## EXERCISE DESCRIPTION
From the listing that follows, reproduce only the lines from the one holding "Target System: 192.168.136.128" through the one holding "Zincir Detaylı Gri Desenli Kadın Çanta", both included, with no pictures.

START RECORDS PROVIDED

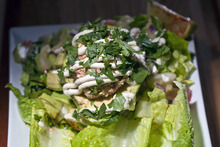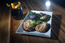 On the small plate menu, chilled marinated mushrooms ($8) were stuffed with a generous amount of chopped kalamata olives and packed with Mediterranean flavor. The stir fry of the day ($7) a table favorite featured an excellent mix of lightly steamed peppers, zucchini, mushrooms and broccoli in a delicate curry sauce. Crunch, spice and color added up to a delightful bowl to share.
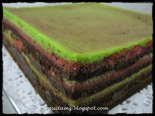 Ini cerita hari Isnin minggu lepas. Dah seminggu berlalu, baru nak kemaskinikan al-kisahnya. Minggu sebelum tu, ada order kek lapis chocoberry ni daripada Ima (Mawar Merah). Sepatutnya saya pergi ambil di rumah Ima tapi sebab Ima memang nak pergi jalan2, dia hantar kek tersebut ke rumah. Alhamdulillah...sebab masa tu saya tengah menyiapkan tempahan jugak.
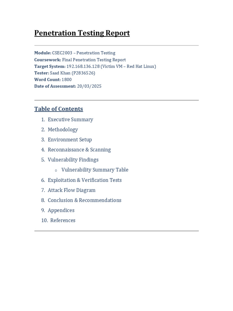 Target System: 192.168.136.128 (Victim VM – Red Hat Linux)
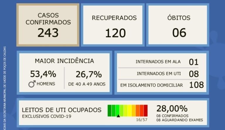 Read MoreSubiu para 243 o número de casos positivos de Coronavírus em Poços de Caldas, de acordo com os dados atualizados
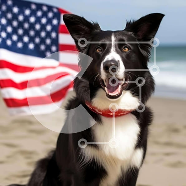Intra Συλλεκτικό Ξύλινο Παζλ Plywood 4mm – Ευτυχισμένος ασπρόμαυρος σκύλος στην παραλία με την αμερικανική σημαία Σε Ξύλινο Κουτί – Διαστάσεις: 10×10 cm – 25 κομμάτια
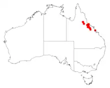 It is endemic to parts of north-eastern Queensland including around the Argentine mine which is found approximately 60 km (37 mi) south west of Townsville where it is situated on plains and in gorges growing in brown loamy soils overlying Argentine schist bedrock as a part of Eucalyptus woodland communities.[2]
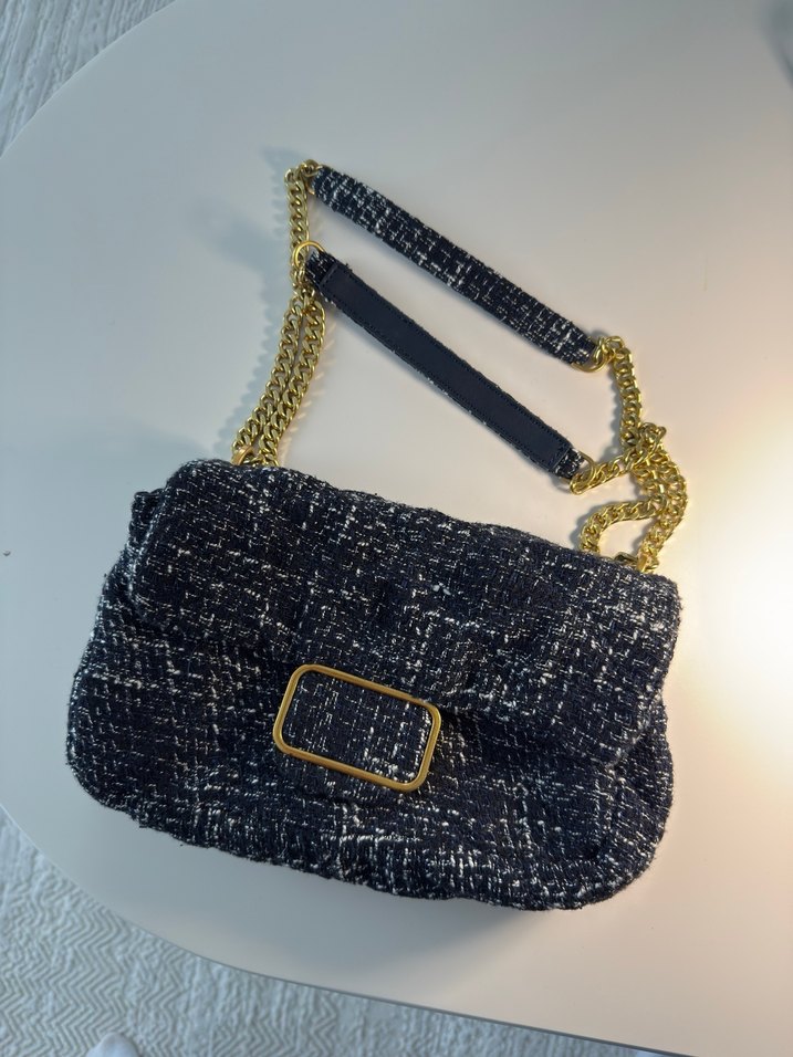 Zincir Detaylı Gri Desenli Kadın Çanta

END RECORDS PROVIDED
START RECORDS PROVIDED

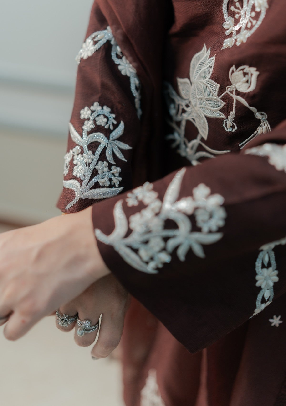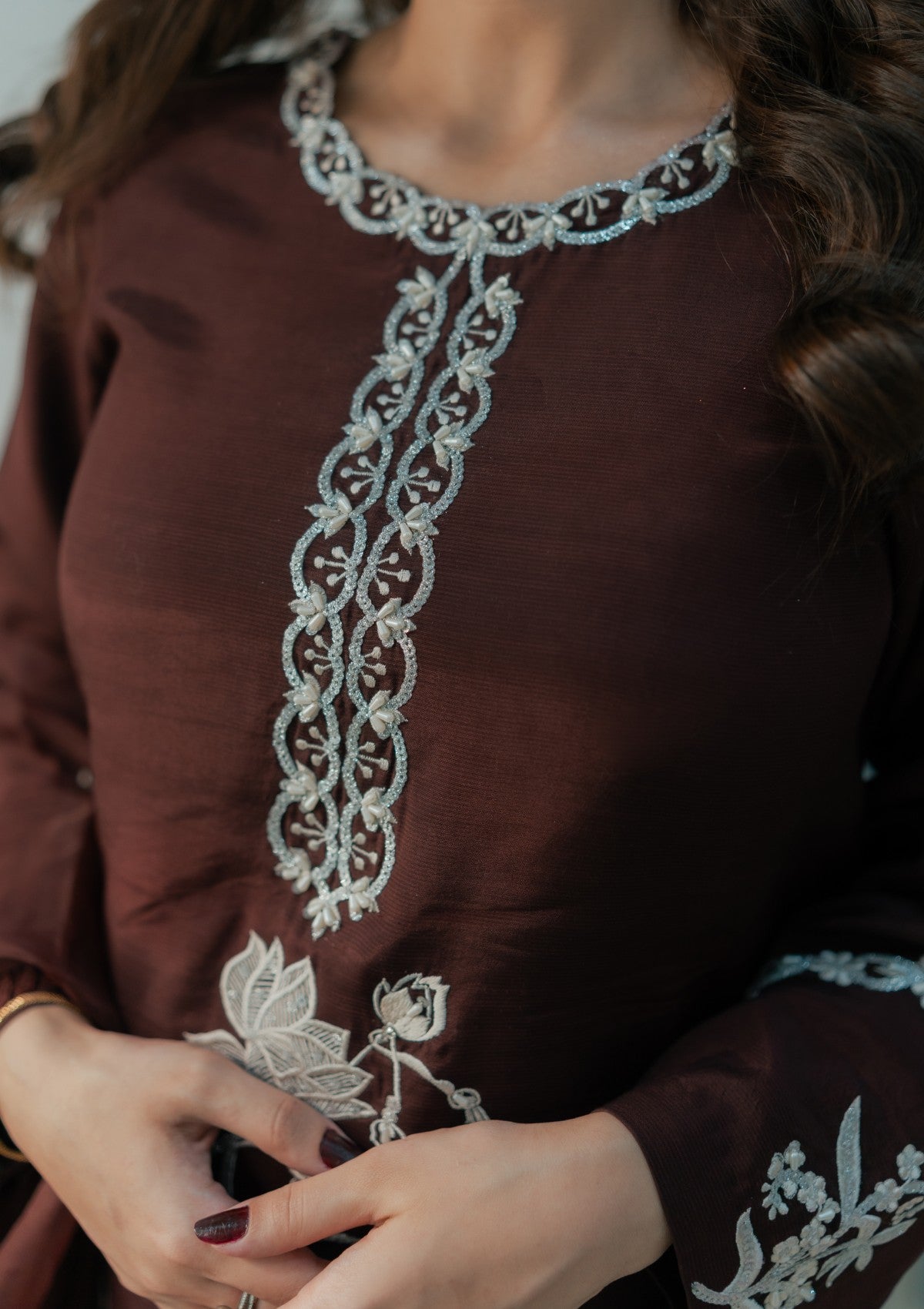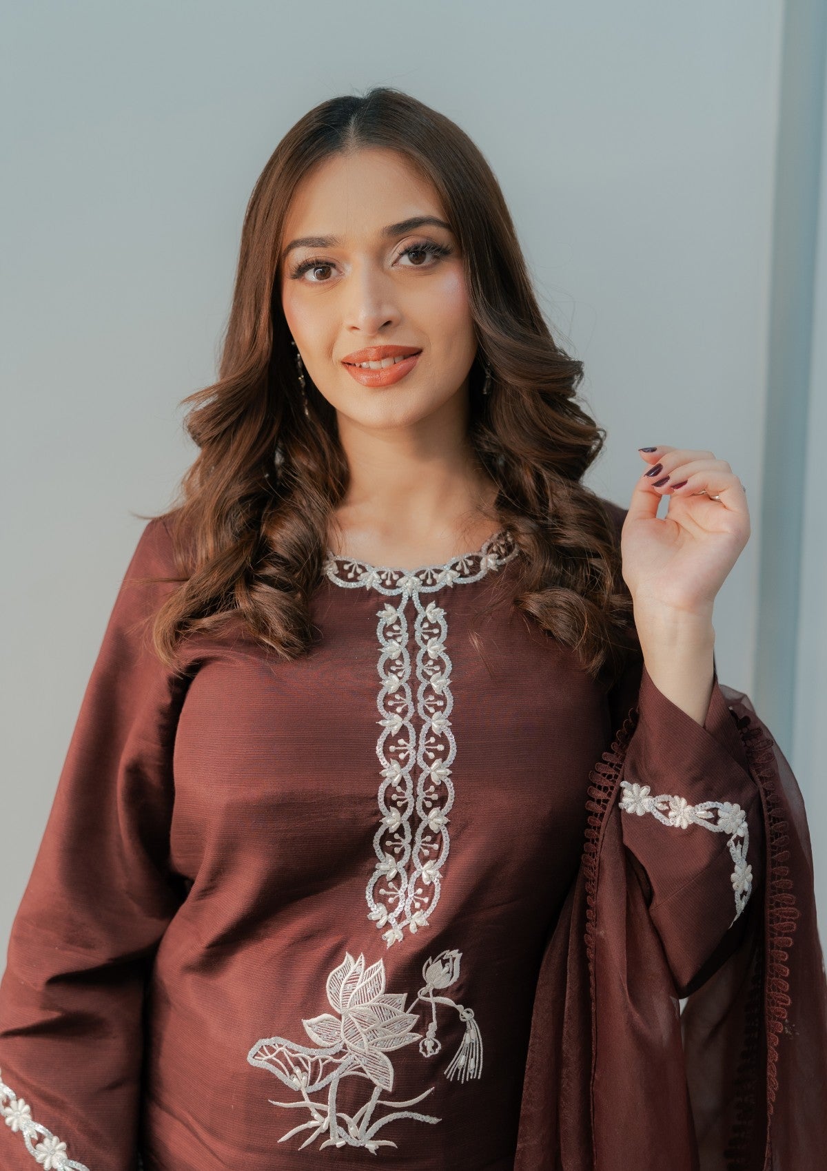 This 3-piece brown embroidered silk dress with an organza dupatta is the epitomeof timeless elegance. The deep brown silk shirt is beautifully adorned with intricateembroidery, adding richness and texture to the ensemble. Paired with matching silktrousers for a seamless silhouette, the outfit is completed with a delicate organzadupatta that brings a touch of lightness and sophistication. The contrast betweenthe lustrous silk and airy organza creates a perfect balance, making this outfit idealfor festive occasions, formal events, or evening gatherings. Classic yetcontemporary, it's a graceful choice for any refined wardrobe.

END RECORDS PROVIDED

## WRITTEN REPLY
 Target System: 192.168.136.128 (Victim VM – Red Hat Linux)
 Read MoreSubiu para 243 o número de casos positivos de Coronavírus em Poços de Caldas, de acordo com os dados atualizados
Intra Συλλεκτικό Ξύλινο Παζλ Plywood 4mm – Ευτυχισμένος ασπρόμαυρος σκύλος στην παραλία με την αμερικανική σημαία Σε Ξύλινο Κουτί – Διαστάσεις: 10×10 cm – 25 κομμάτια
 It is endemic to parts of north-eastern Queensland including around the Argentine mine which is found approximately 60 km (37 mi) south west of Townsville where it is situated on plains and in gorges growing in brown loamy soils overlying Argentine schist bedrock as a part of Eucalyptus woodland communities.[2]
 Zincir Detaylı Gri Desenli Kadın Çanta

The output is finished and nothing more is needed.